バンビちゃんとクリスマス
「メリークリスマース!」
部屋の扉を思い切り開けると、キッチンで料理をしていた小暮が驚いて跳ね上がった。
「び、びっくりした…メリークリスマス、綾小路」
体全体で驚いてしまった自分が恥ずかしいのか、照れくさそうに笑いながらテーブルに料理を運ぶ小暮。…新妻。クる。
クリスマスの今日、本当は俺はおやじに頼んで高級ホテルのスイートを取ってレストランデートをして最高のクリスマスを演出するつもりだった。だが、小暮が先に俺にクリスマスは部屋でしないかと持ちかけてきたのだ。
外にでるには外出許可がいる。今年のクリスマスは、イブは祝日だが次の日は平日だ。つまり、外に出ても夜には学校に戻らなくてはならない。時間を気にすることなくずっと一緒にいたい。イブの夜は離れたくない、誰の目を気にすることもなく俺にくっついていたい、と。
頬を染めて、そんなかわいいことを言われて断る奴がどこにいる?
その場で押し倒さなかった俺を誉めてくれ。
「手伝うよ」
「ありがとう」
お皿と箸などを運び、二人で食事の支度をする。なんてことないこんな作業に、俺はひどく満たされる。
乾杯をして食事を終えてから、小暮は宣言通り俺にぴたりとくっついて離れない。ソファで並んでテレビを見ている時にも、ちょこんと頭を俺の肩に乗せたり、トイレに行ったり飲み物を取ったりなどから帰ってくると立ち上がって抱きついてきたり。
なんですか、これは。サービス料はいくらですか。
クリスマスプレゼントも、お互いにあまりお金をかけないようにしようと言われた。俺たちの学校はバイト禁止だ。つまり、親からの小遣いしか収入源がない。
ないのだが、俺は生徒会長という自由に動けない立場のため買い物などに不自由しないように親からカードを渡されている。恥ずかしい話だが、小暮とつきあうまで俺は金銭感覚がなかった。小暮に一度高額なプレゼントをしてこっぴどく怒られて初めて自分の感覚がおかしいことに気がついた。

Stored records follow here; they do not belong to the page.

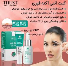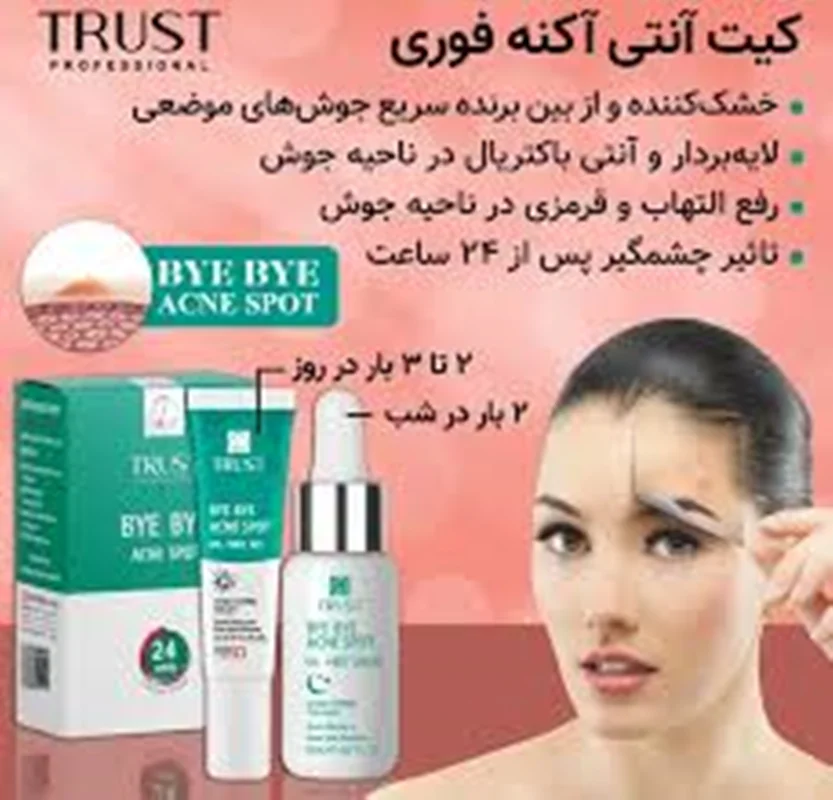 سریعترین درمان برای این شرایط، استفاده از کیت آنتی آکنه فوری تراست است. این محصول حاوی ترکیبات ضد باکتریایی و ضد قارچ است و از افزایش تکثیر میکروارگانیسمهایی که منشأ آکنه هستند در پوست صورت جلوگیری میکند.
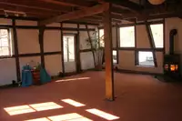 Die "Alte Mühle" bietet die beiden Schlafräume mit einmal 12 und einmal 6 Schlafplätzen (gesamt 18 Betten), sowie Küche, den sanitären Anlagen und natürlich dem großen Gruppenraum, dem Mühlenraum(56m2)
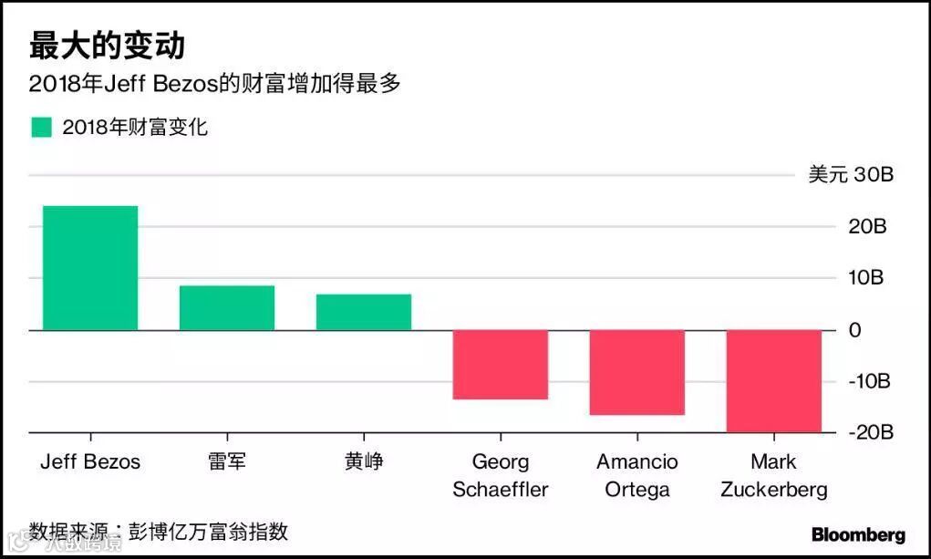 几家欢乐几家愁。尽管金融市场2018年下跌成为主基调,但仍然不妨碍有人在这一年获得巨额财富。贝佐斯、中国智能手机生产商小米的创始人雷军、拼多多创始人黄峥就是其中的幸运儿。
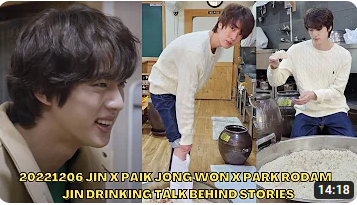 그렇게 술을 좋아하는 마음은 점점 커져 술을 빚는 마음이 되었습니다. 백종원 대표는 취중진담에서 진이 자기 술 브랜드를 만들기로 했다.. 입대를 앞둔 진이 술을 빚는 양조장을 만들고 입대를 하면 그 기간 동안 술은 익어가고 진은 자신이 만든 술을 자신의 양조장 브랜드에서 합법적으로 나누어 줄 수 있게 되었다.
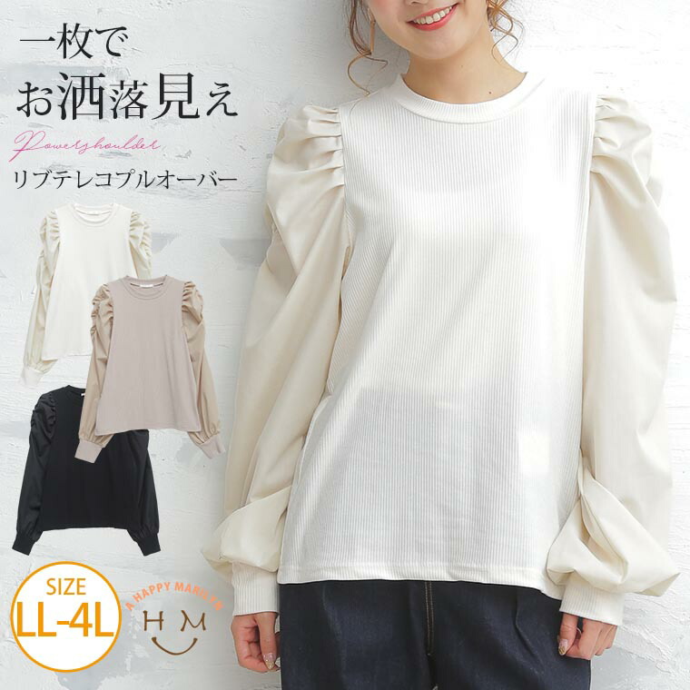 華やかなボリューム袖が魅力的。リブテレコプルオーバー。 ★サイズ:LL~4L ¥2,490(税込)
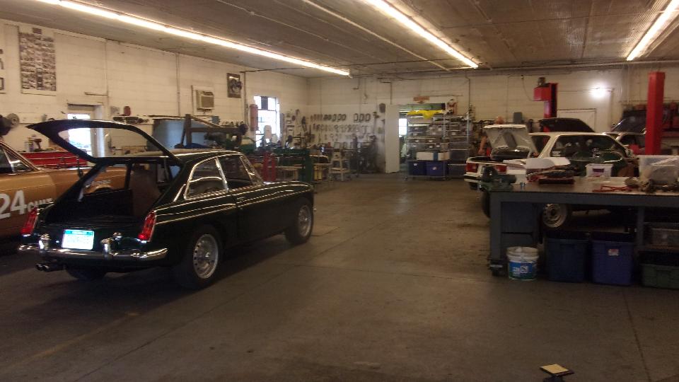 We were looking for Alan Christian Motors in Holland, MI, but no joy here. Gone ten years, now occupied by a modern car repair and transmission shop. There were a few classic cars inside, but the current shop does not service vintage British cars. Marty Boysen, the prior proprietor of ACM has moved on to auto auction and into partnership of Fab Farm which has naught to do with vintage British cars).
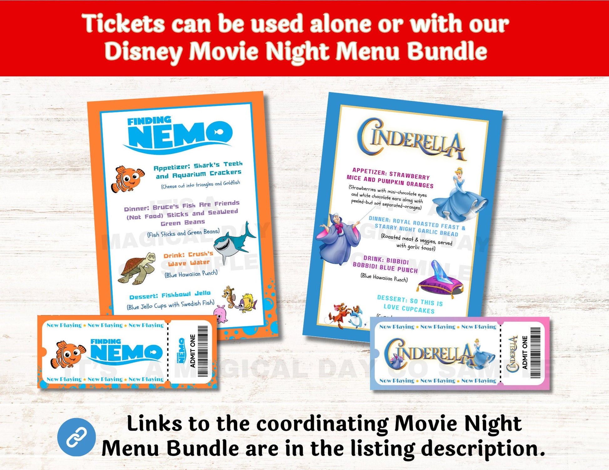 Our Set of 56 Movie Night Tickets also coordinate with our Set of 56 Movie Night Menus Bundle.
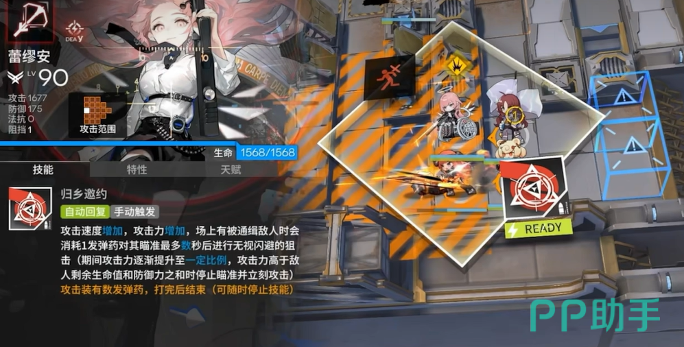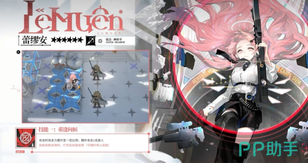 至于她的技能,蕾缪安展现出了她的多面性和战略性。第一技能“重逢问候”让她在攻击时增强自身的攻击力,并额外攻击一名敌人。这个技能不仅能提升她的输出,还能在关键时刻攻击到更多敌人,快速清理战场。而二技能“归乡邀约”则是她最具特色的技能之一。开启后,她的攻击速度和攻击力都能得到显著提升。更重要的是,如果场上有被通缉的敌人,她还会消耗弹药进行精准狙击,这一狙击可以无视敌人的闪避能力,并且攻击力会随着时间逐渐增强。想象一下,当敌人残血时,她的这一击可以直接决定战斗的胜负。
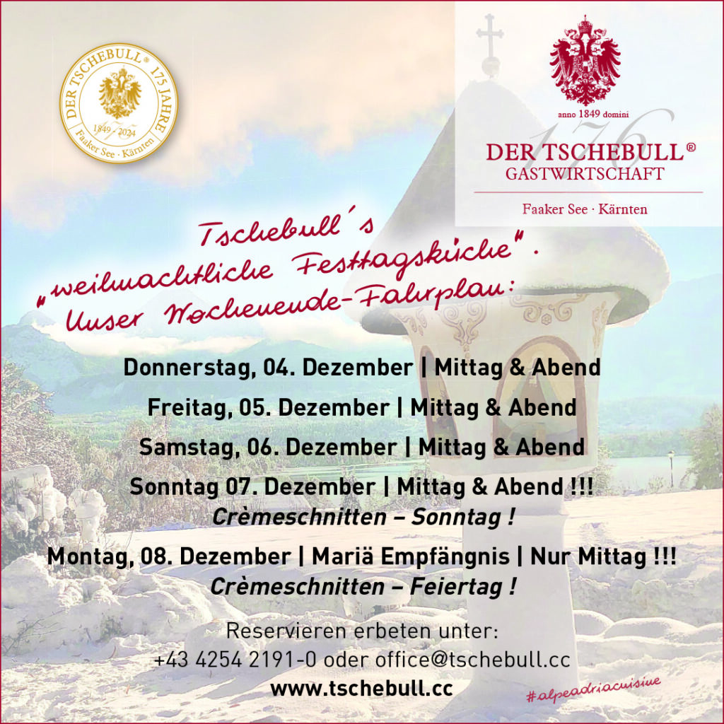 Der Tschebull ist eine der ältesten Gastwirtschaften Kärntens und ein Stück kulinarisches Selbstverständnis dieses Landes. Wir haben die Tradition der Väter im Herzen und trotzdem den Mut zu Veränderungen. Altes und Bewährtes pflegen wir, erfrischen es aber dennoch behutsam mit dem Esprit unserer heutigen Epoche. Aus Überzeugung gehen wir dabei keine falschen Kompromisse ein, erhalten…

それからは、世間一般の高校生が手にしている金額相当の物にするようにしている。ああ、早く働きたい。自分で死ぬほど働いて、そうして自分で稼いだ金で小暮を喜ばせたい。
金なんかかけなくても、小暮は俺からのものなら何でも喜んでくれるのは知ってるけど、男の見栄っていうのかな。さっき言ったホテルのスイートだって、おやじに金を借りてきちんと返すつもりだった。
せめて学校がバイトしてもいい、って言ってくれたらなー。なんてぼんやり考えたり。
二人して、ベッドに入る前にプレゼント交換をした。小暮からは、革製のウォレット。俺から小暮には、同じく革製のキーケース。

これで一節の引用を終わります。